T1 eyes widened at this new bit of information, his hands went up into the air in victory and he began dancing around the kitchen.


Starbuck the dog ran into the kitchen and began running in circles around him as he celebrated.


Now Cass was laughing.

“Wait!” I said. “That’s as good as admitting that you’ve measured it!”

T1 stopped and looked at me deadpan.

“Well,” he said, completely unembarrassed, “yeah, of course.”

Then back to the celebration.


“I don’t understand why this matters,” T2 said.

“You started it!” I said.

“It doesn’t,” Cass said.

“Thank god for that,” I said.

Pandemonium reigned for a short while, then we had dinner and a relative calm returned.  I am going to follow up with T2 this week to find out if there is a specific reason he is suddenly aware that penis size is even a thing.  I suspect it is because he is wearing a cup for the first time due to playing tackle football.  He literally has a specific piece of armor to protect it, which logically puts it on a little higher level of importance.  I want to make sure, though.

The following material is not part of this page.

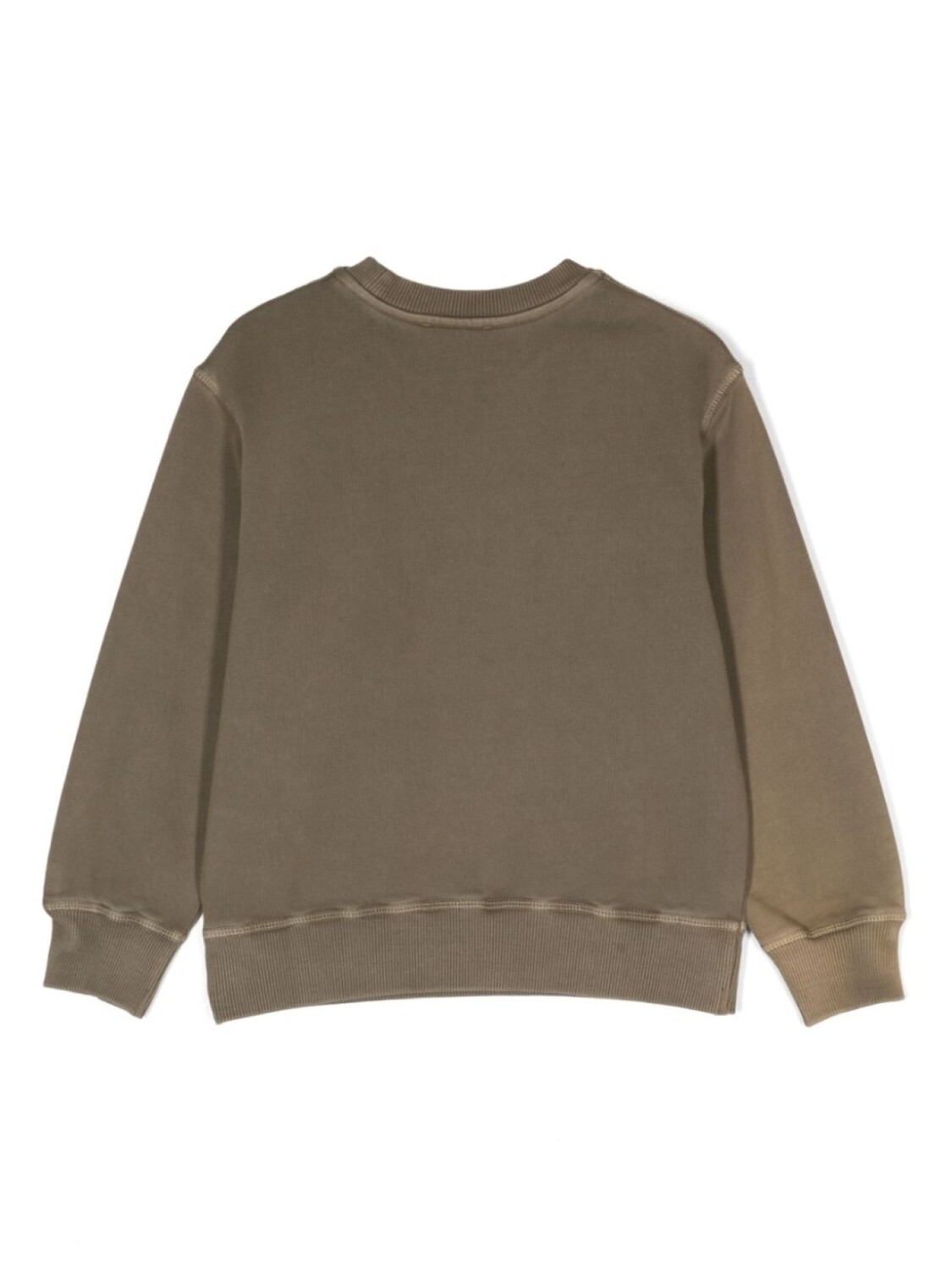 Хаки, хлопок, логотип-аппликация, эластичная отделка, круглый вырез, длинные рукава и прямой подол.

We want the boys to be comfortable with themselves.  Apparently, they are.

News part one: If you just can’t get enough of one of the stars of acleanandshinyplace.com, specifically T2, you’ll be happy to know that Cass and I started a twitter feed for the random stuff he says that isn’t expansive enough to make it here.  You can follow him at @talking2t2

News part two:Sometime next week or the follow week I’ll be migrating the blog to its own server.  It may mess up some of the links but, overall, shouldn’t effect you- the constant reader- all that much.  I’ve been threatening to do it for awhile and now is the time.

News part three: I actually ran this whole post by T1 before I posted it.  I wanted to make sure he was okay with it being out there.

“Am I okay with people knowing my penis is above average?” he asked. “I want EVERYBODY to know that.  I’m thinking about getting it printed on a t-shirt. You’re fine.”